Remember how I suspected that we had a mouse in our house? Well, about two days ago Zoe the cat was stalking the refrigerator again. This time Mike was home. So he moved the refrigerator out of the way and again we found no mouse. But, I'm sad and grossed out to say that we found some, um, evidence of a mouse.
Remember how we had captured one of the mice out in our garage in a fish tank and were keeping him as a pet/prisoner of some sort? Well, this morning I got a case of the crazies while we were out running errands and bought a small cage and some bedding for Anatole. It's very hot here and I didn't want him to die of a heat stroke out in the garage. He's an orphan. He's had a tough go of things lately. It's a hard knock life.

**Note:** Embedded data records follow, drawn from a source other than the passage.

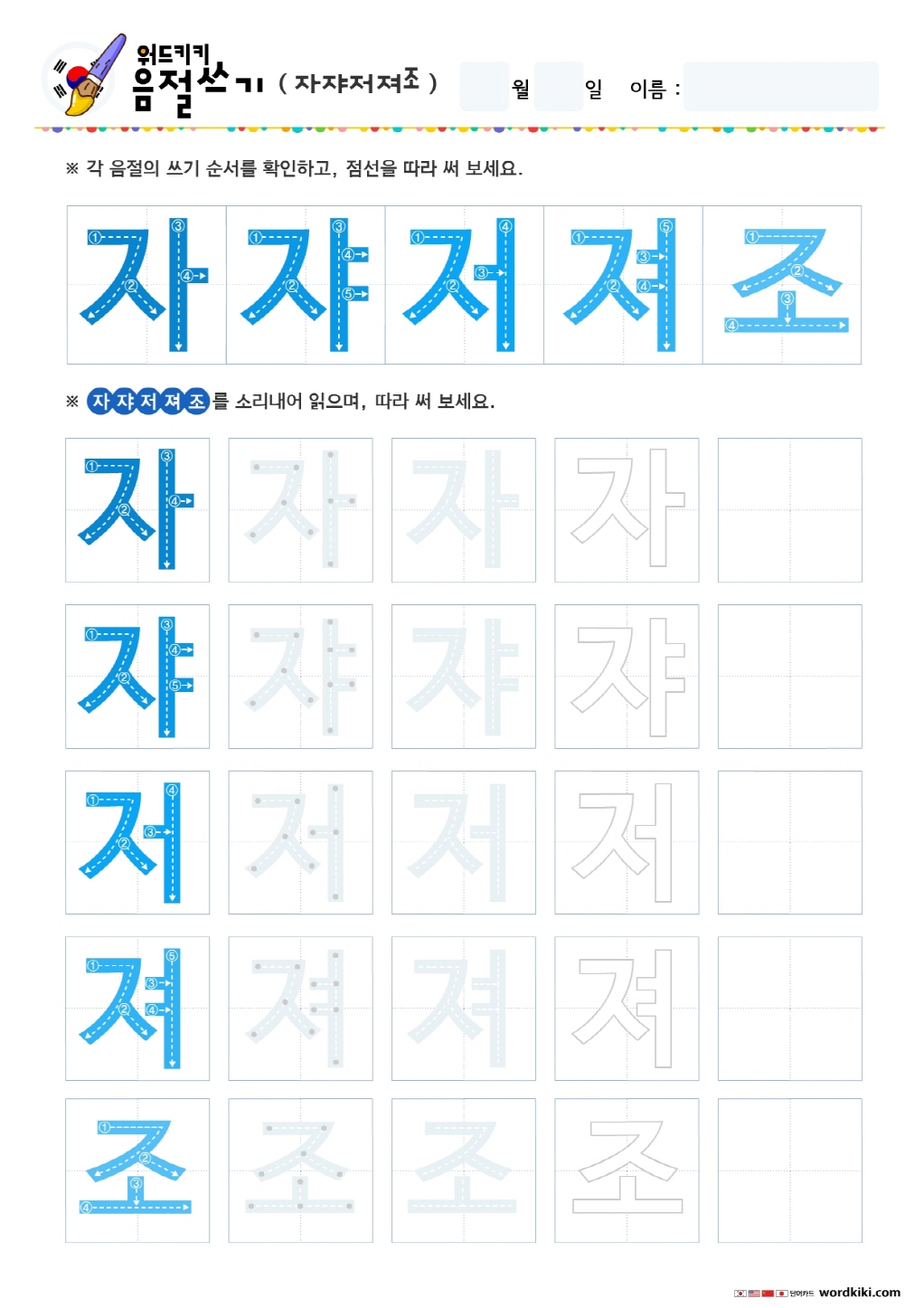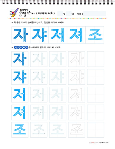 음절쓰기 – 자쟈저져조죠주쥬 쓰기 연습
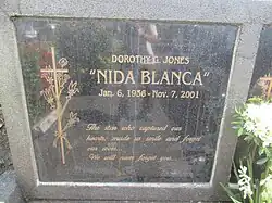 Nida Blanca (born Dorothy Guinto Jones; January 6, 1936 – November 7, 2001) was a Filipino actress whose career spanned five decades. She was one of the biggest box-office draws of the 1950s and rose to stardom with roles in romantic comedies and musical films with frequent on-screen partner Nestor de Villa. She achieved Grand slam in 1987 for her performance in the drama Magdusa Ka!, winning Best Supporting Actress in all four major award-giving bodies in the Philippines. Blanca was a board member of Movie and Television Review and Classification Board in 1998 until her death in 2001.
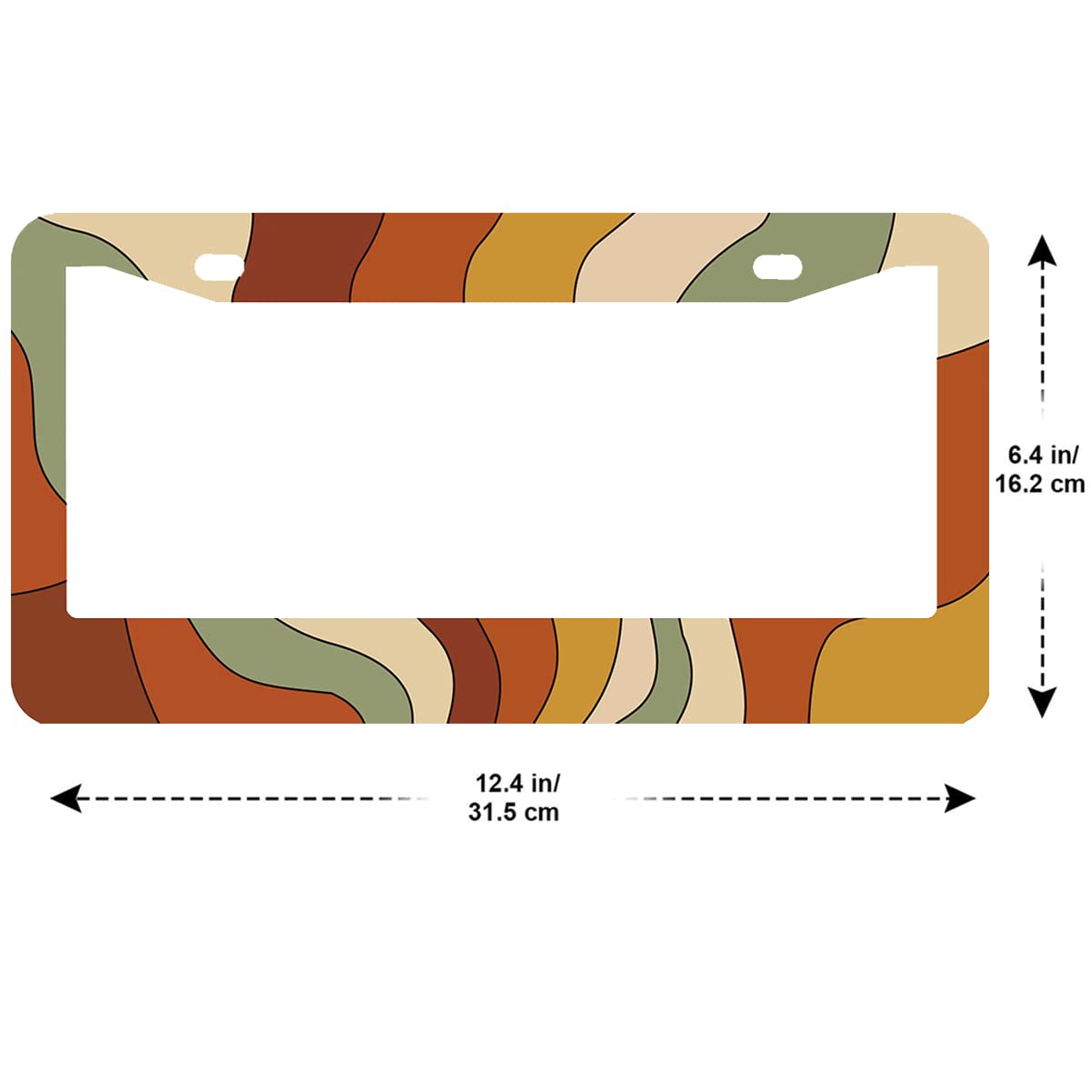 This license plate frame is made of stainless steel and has a size of 6-3/8 '' x 12-1/4 ''. The package includes 2 Stainless Steel Sun Rays Bending License Plate Frames, 8 plastic screw caps, 4 machine screws, 4 self-tapping screws, 4 spacers, 8 washers, and 1 screwdriver. This license plate frame has unique features such as no obstruction of license plate view, which eliminates the risk of police citations for obscuring your license plate number. Its matte aluminum alloy reinforces rigidity, and the recessed screw heads won 't harm other vehicles. The frame also has universal fit-mounting screw location flexibility between 6 ''-8 '' spread and 2 screw stability even if you only have 4 screw holes in the bumper. It can be mounted directly on your bumper or over your vehicle 's factory license plate mounting bracket.

I thought we could bring him inside in a cage and be one big happy family.
Well. Mike put the cage together right before lunch. Then he went outside and coaxed Anatole into a Tupperware container. Then he brought Anatole inside and tried to drop him in his fancy new home complete with an exercise wheel. Anatole revolted. He jumped out of the Tupperware and took off. The kids were screaming. I was screaming as I jumped up on the nearest piece of furniture. Anatole ran under the couch. Then under a shelf. Mike caught him two more times and attempted to get him in the cage. He did not want to go. Ungrateful orphan. The next thing we knew Anatole was running under (you guessed it!) the refrigerator. Self fulfilling prophesy I guess.
Mike moved the refrigerator out again. No mouse. Mike took apart the refrigerator. No mouse. I have no idea where this mouse (these mice) are. But I know for sure there is at least one in this house. And as Mike pointed out to me what if Anatole is a boy and the other one is a girl? We could have a whole mess of mice in here.
If I hear squeaking in our bedroom in the middle of the night again I'm out of here. If I can move that is. My back is out again and fleeing from an escaped mouse today did not help things out at all. Sudden movements are killer. My back is whack. Not to mention my brain. I mean who tries to get one mouse out of their house while simultaneously bringing another mouse in their house? We need help!